• [Task to carry out] Using the data that follows, give again word for word the lines between the one holding "EUGENIO COLMO, detto" and the one holding "The Floyd Center", inclusive. Omit the pictures.

Supplied information START

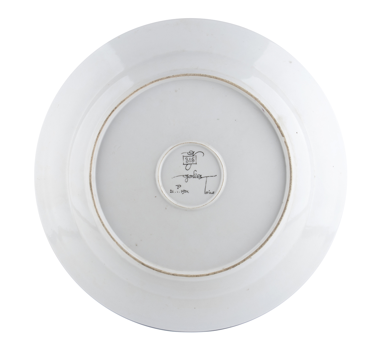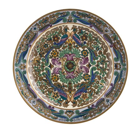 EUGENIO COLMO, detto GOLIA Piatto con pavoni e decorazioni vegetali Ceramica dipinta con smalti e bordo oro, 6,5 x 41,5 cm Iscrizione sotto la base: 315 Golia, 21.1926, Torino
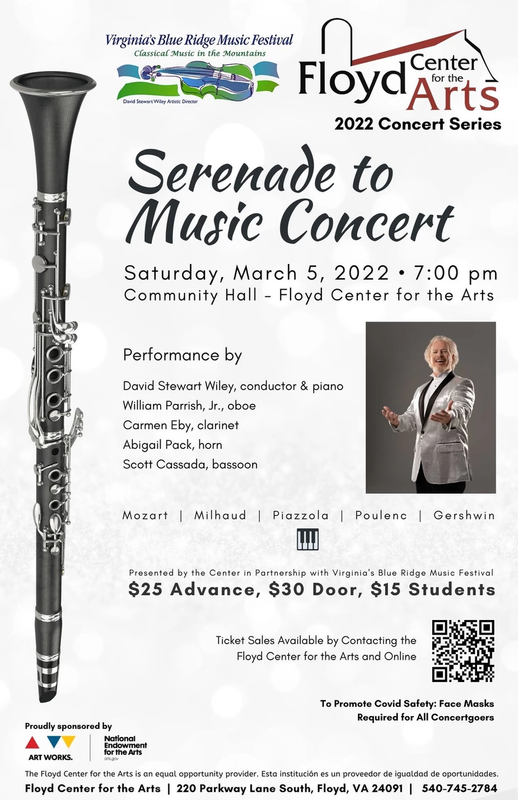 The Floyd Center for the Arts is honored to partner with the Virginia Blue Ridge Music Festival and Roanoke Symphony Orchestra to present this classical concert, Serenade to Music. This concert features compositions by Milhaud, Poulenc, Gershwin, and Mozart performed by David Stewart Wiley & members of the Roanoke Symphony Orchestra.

Supplied information END
Supplied information START

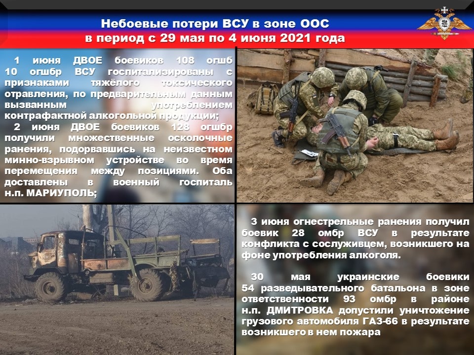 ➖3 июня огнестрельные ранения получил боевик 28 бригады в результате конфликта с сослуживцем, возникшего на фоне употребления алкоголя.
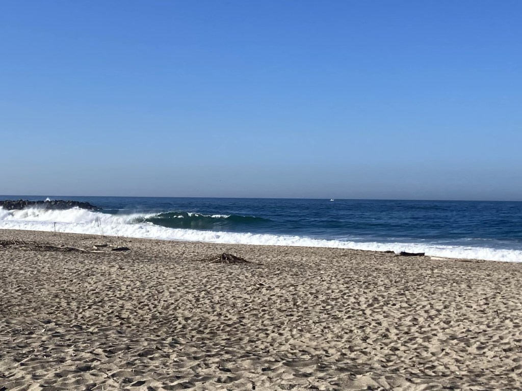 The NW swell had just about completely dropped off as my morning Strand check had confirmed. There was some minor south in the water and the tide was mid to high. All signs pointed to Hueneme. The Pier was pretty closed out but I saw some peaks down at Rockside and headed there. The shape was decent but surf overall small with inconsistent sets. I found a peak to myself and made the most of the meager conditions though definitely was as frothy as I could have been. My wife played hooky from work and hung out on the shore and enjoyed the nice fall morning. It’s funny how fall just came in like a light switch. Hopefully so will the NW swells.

Supplied information END

• [Answer box]
 EUGENIO COLMO, detto GOLIA Piatto con pavoni e decorazioni vegetali Ceramica dipinta con smalti e bordo oro, 6,5 x 41,5 cm Iscrizione sotto la base: 315 Golia, 21.1926, Torino
 The Floyd Center for the Arts is honored to partner with the Virginia Blue Ridge Music Festival and Roanoke Symphony Orchestra to present this classical concert, Serenade to Music. This concert features compositions by Milhaud, Poulenc, Gershwin, and Mozart performed by David Stewart Wiley & members of the Roanoke Symphony Orchestra.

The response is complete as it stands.